Here is the entire code that reproduces the plot with a few additional comments:

from lmfit import minimize, Parameters, Parameter, report_fit
import numpy as np

xdata = np.array([177.,180.,183.,187.,189.,190.,196.,197.,201.,202.,203.,204.,206.,218.,225.,231.,234.,
      252.,262.,266.,267.,268.,277.,286.,303.])

ydata = np.array([0.81,0.74,0.78,0.75,0.77,0.81,0.73,0.76,0.71,0.74,0.81,0.71,0.74,0.71,
      0.72,0.69,0.75,0.59,0.61,0.63,0.64,0.63,0.35,0.27,0.26])

def fit_fc(params, x, data):

    n1 = params['n1'].value
    n2 = params['n2'].value
    n3 = params['n3'].value
    n4 = params['n4'].value
    n5 = params['n5'].value

    model = n1 + (n2 * x + n3) * 1./ (1. + np.exp(n4 * (n5 - x)))

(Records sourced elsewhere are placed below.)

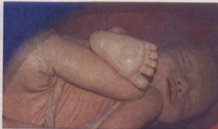
A través de efectos audiovisuales se explica como el niño nace

Desde el pasado 27 de diciembre y hasta el 16 de abril, el Parque Finca Liana acogerá la exposición educativa sobre el cuerpo humano "La Mujer Gigante". La maqueta está construida en una escala de más de veinte veces el tamaño real de una mujer joven, de compleción media y 1,65 metros de estatura real, la cual se encuentra en posición horizontal lo que hace un total de 38 metros de largo y 8 metros de ancho con una altura de 7 metros en su parte más alta. La visita guiada, cuyas indicaciones serán realizadas desde el centro de control, las realiza el Dr. Bueno, médico-jefe del equipo que atiende a "La Mujer Gigante". El recorrido que comienza por la cabeza donde se puede observar la boca, los dientes y la lengua, y a través de unas ventanas, las fosas nasales, los ojos, los oídos y el cerebro. Con esta exposición se enseñará de una forma divertida a niños y mayores como funciona el cuerpo humano así como los procesos que tienen lugar en él.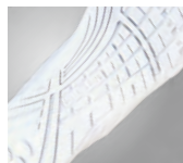
滑りにくいオリジナル 合成ゴム底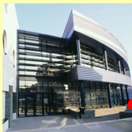
La kvartaldomo "Le Trois-Mâts"

"Cabaret du monde" Vespero pri la temo de la lingvoj (por plenkreskuloj, oni enskribiĝu) kun partopreno de Esperanto-Angers

    return model - data #that's what you want to minimize

# create a set of Parameters
# 'value' is the initial condition
# 'min' and 'max' define your boundaries
params = Parameters()
params.add('n1', value= 0.2, min=0.2, max=0.8)
params.add('n2', value= -0.005, min=-0.3, max=10**(-10))
params.add('n3', value= 1.0766, min=-1000., max=1000.)
params.add('n4', value= -0.36379, min=-1000., max=1000.)
params.add('n5', value= 274.0, min=0., max=1000.)

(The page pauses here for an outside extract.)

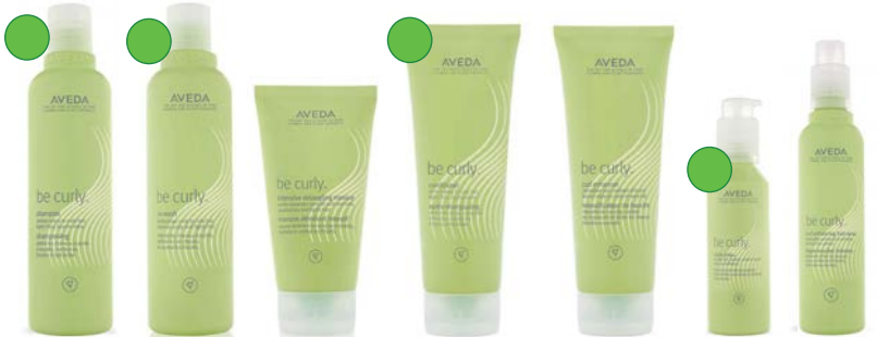
Champú 250ml/1L Co-wash 250ml Mascarilla 150ml Acondicionador 200ml/1L Crema de peinado 200ml Leave-in 100ml Spray fijador 200ml

# do fit, here with leastsq model
result = minimize(fit_fc, params, args=(xdata, ydata))

# write error report
report_fit(params)

xplot = np.linspace(min(xdata), max(xdata), 1000)
yplot = result.values['n1'] + (result.values['n2'] * xplot + result.values['n3']) * \
                              1./ (1. + np.exp(result.values['n4'] * (result.values['n5'] - xplot)))
#plot results
try:
    import pylab
    pylab.plot(xdata, ydata, 'k+')
    pylab.plot(xplot, yplot, 'r')
    pylab.show()
except:
    pass

EDIT:

If you use version 0.9.x you need to adjust the code accordingly; check here which changes have been made from 0.8.3 to 0.9.x.

Answer 4

Workaround: use variable transformations like a2=tanh(a2'), a3=exp(a3') or a5=a5'^2.

Answer 5

Have you considered treating it as an optimization problem and using one of the nonlinear optimization routines in scipy to minimize the least-squares error by varying the coefficients of your function? Many of the routines in optimize allow for bound constraints on the independent variables.